- Born: Christine Barrett Whelan July 5, 1977 (age 49) New York City, U.S.
- Education: Princeton University University of Oxford
- Employer: University of Wisconsin-Madison
- Title: Clinical Professor of Consumer Science
- Parent(s): Stephen Whelan, Elizabeth Whelan
- Website: https://www.christinewhelan.com

= Christine Whelan =

American writer, journalist and clinical professor

Christine Barrett Whelan (born July 5, 1977) is an American writer, journalist, and clinical professor at the University of Wisconsin-Madison. She has authored two books about marriage, two self-help books for young adults, and an Audible series about purpose.

==Early life==

Whelan was born in New York City to attorney Stephen T. Whelan and Elizabeth Whelan, an author and public health specialist.

==Education==

Whelan earned her undergraduate degree from Princeton University, graduating magna cum laude with a degree in politics. She subsequently was awarded the 1999 Daniel M. Sachs scholarship, granting her direct acceptance to Worcester College within the University of Oxford, where she studied Economic and Social History for her masters and doctorate.

== Academic and consulting roles ==
Whelan has taught in the Sociology department at the University of Iowa, the Sociology and Politics departments at Princeton University, and the Sociology department at the University of Pittsburgh. In 2013, she then moved to the Consumer Science department at the School of Human Ecology at University of Wisconsin-Madison, where she currently teaches and directs the Money, Relationships, and Equality (MORE) initiative.

==Journalism==

From 1997 through 2000, Whelan interned at The Wall Street Journal in its New York and Washington bureaus, and afterwards interned at The Washington Post. In 2008, Whelan was awarded a Templeton-Cambridge Journalism Fellowship.

Whelan's writing has also appeared in The New York Times, USA Today, National Review Online, and The Huffington Post.

==Publishing==

Whelan's first book, Why Smart Men Marry Smart Women, was published by Simon & Schuster in October 2006. In the book, Whelan coined the term SWANS, which stands for Strong Women Achievers, No Spouse.

Intended in part as a response to Maureen Dowd's 2005 book Are Men Necessary? When Sexes Collide, Whelan presented evidence contrary to the belief that an elite education and high income among women correlate with lower marriage rates. Using Census Bureau statistics, a commissioned poll of 3,700 men and women ages 25 to 40 and personal interviews, Whelan showed that while the stereotype was valid among previous generations, today a higher income and education in fact increases a woman's marriage chances, and that high-achieving women simply marry later in life.

Prior to conducting the research, Whelan originally intended for the book to be a pessimistic take on the marriage prospects of professional women, drawn from popular studies and personal experience. The book was initially conceived with the title Overqualified for Love.
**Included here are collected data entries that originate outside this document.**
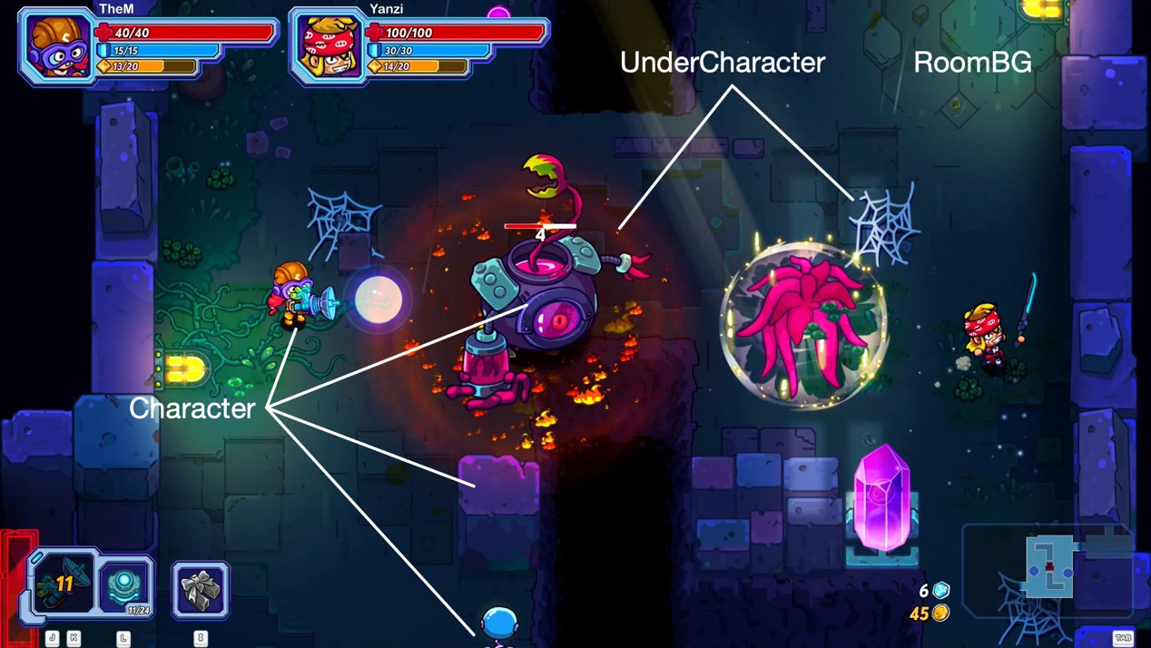 首先,对于静态的物体以及能够明确场景中层级的问题,我们在Sorting Group中设定好对应的Sorting Layer,来确保总体层级上不出错。比如关卡房间的地面,设定为RoomBG, 角色设定为Character, 像地面上的岩浆、毒液等,它们应该处于地面和角色之间,暂且定义为UnderCharacter,使得在最终渲染时 RoomBG > Character > UnderCharacter。
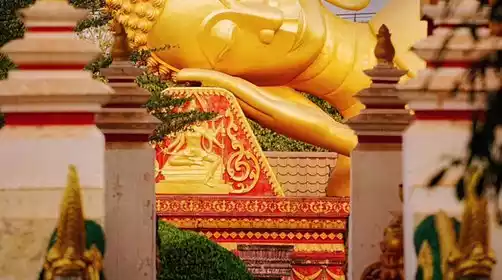After lunch and a short rest, we'll drive to the Tham Phu Kham Cave, where you'll find pristine countryside scenery that will leave you feeling refreshed and relaxed. Tham Phu Kham Cave is an unexplored natural cave. Climbing a simple staircase halfway up the mountain, you'll need to bend down to enter. This massive cave is considered sacred by the Lao people, and its main chamber houses a Thai-style golden reclining Buddha.
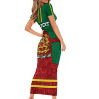 Morocco Proclamation Day Short Sleeve Bodycon Dress Marruecos Coat of Arms Roses Pattern
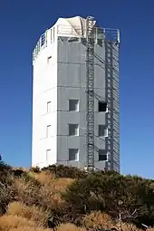 GREGOR[10] is a 1.5 m telescope for solar research of the Teide Observatory on Tenerife. It is a new type of solar telescope, which supersedes the previous 45 cm Gregory-Coudé telescope. GREGOR is equipped with adaptive optics and will achieve a resolution of 70 km of the Sun's surface. The investigation of these small structures is important for the understanding of the underlying processes of the interaction of magnetic fields with plasma turbulence on the Sun. The development of the Gregor telescope will be led by the Kiepenheuer-Institut für Sonnenphysik (KIS)[11] with the participation of several institutes. The telescope is named after James Gregory, the inventor of the Gregorian telescope.
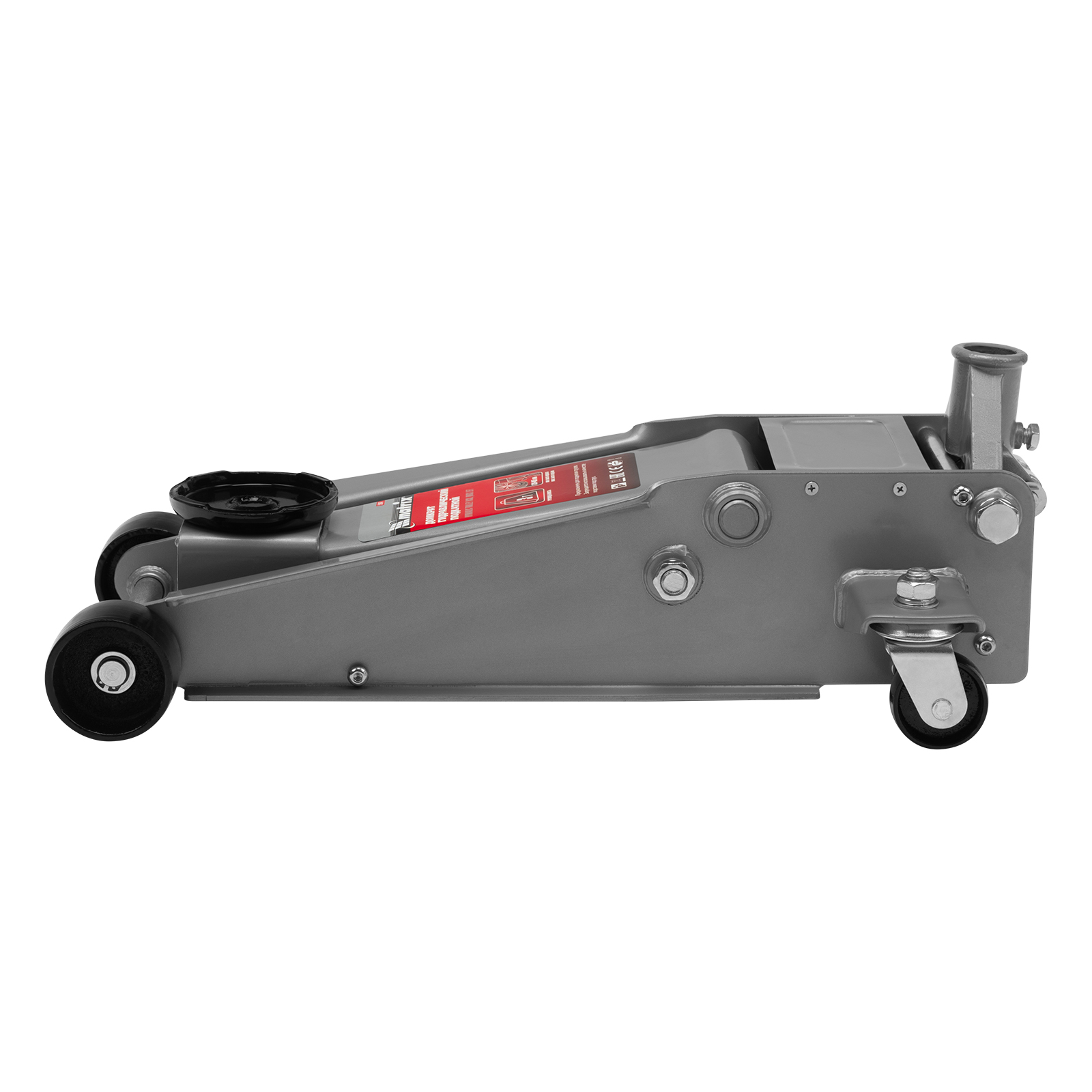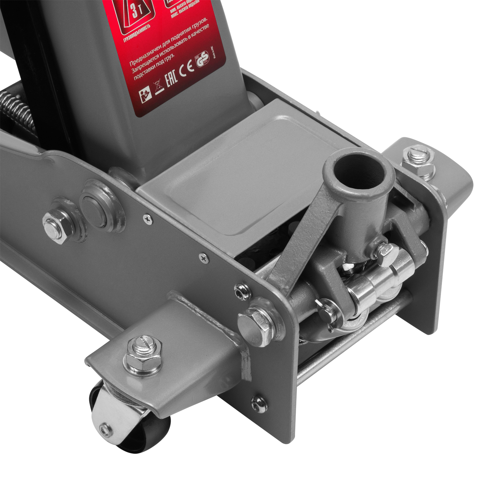 - Безопасная эксплуатация — предохранительный клапан препятствует подъему груза массой более 3 т, предотвращая поломку домкрата.
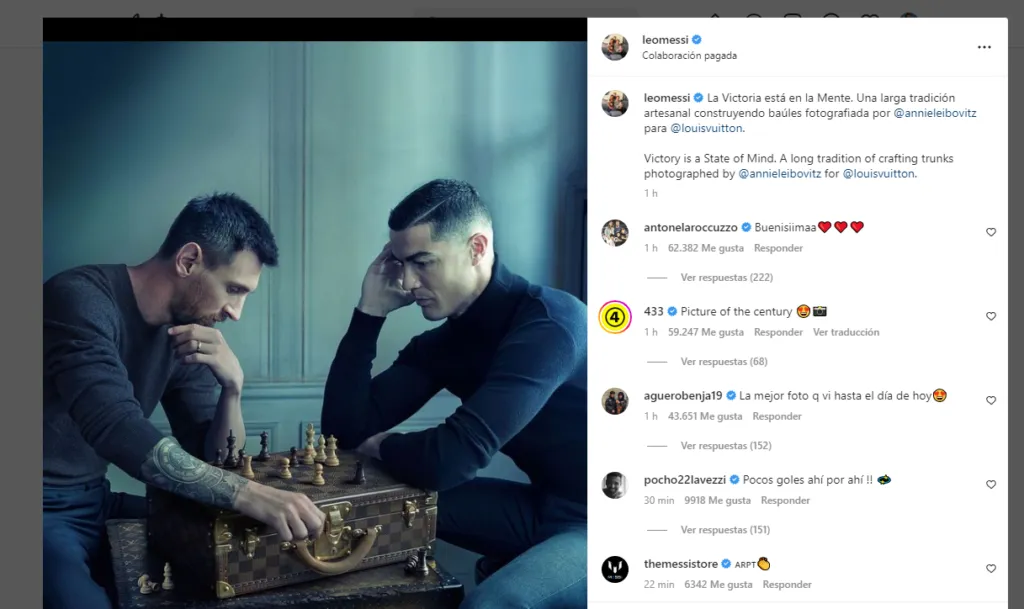 Se trata de una campaña de la empresa de indumentaria, Louis Vuitton, que logró juntar a las dos grandes figuras del fútbol mundial. “La Victoria está en la Mente” fue el eslogan que acompañó tanto el posteo de Lionel como el de Cristiano en sus cuentas de Instagram. Entre ambos suman más de ¡872 millones de seguidores!

Whelan's second book, Marry Smart: The Intelligent Woman's Guide to True Love, was published by Simon & Schuster on December 30, 2008. Whelan's third book, Generation WTF: From “What the #%$&” to a Wise, Tenacious, and Fearless You, was published by Templeton Press in February 2011. Whelan's fourth book, The Big Picture: A Guide to Finding Your Purpose in Life, was published in May 2016.
In 2021, Whelan recorded an Audible Original lecture series, "Finding Your Purpose," which made the Associated Press Bestseller list for Audible books that March.
==Public appearances==

Whelan has frequently appeared as an expert commentator on television news programs, including The NewsHour with Jim Lehrer, Good Morning America, and on national radio programs, including Iowa Public Radio, Wisconsin Public Radio, and the BBC.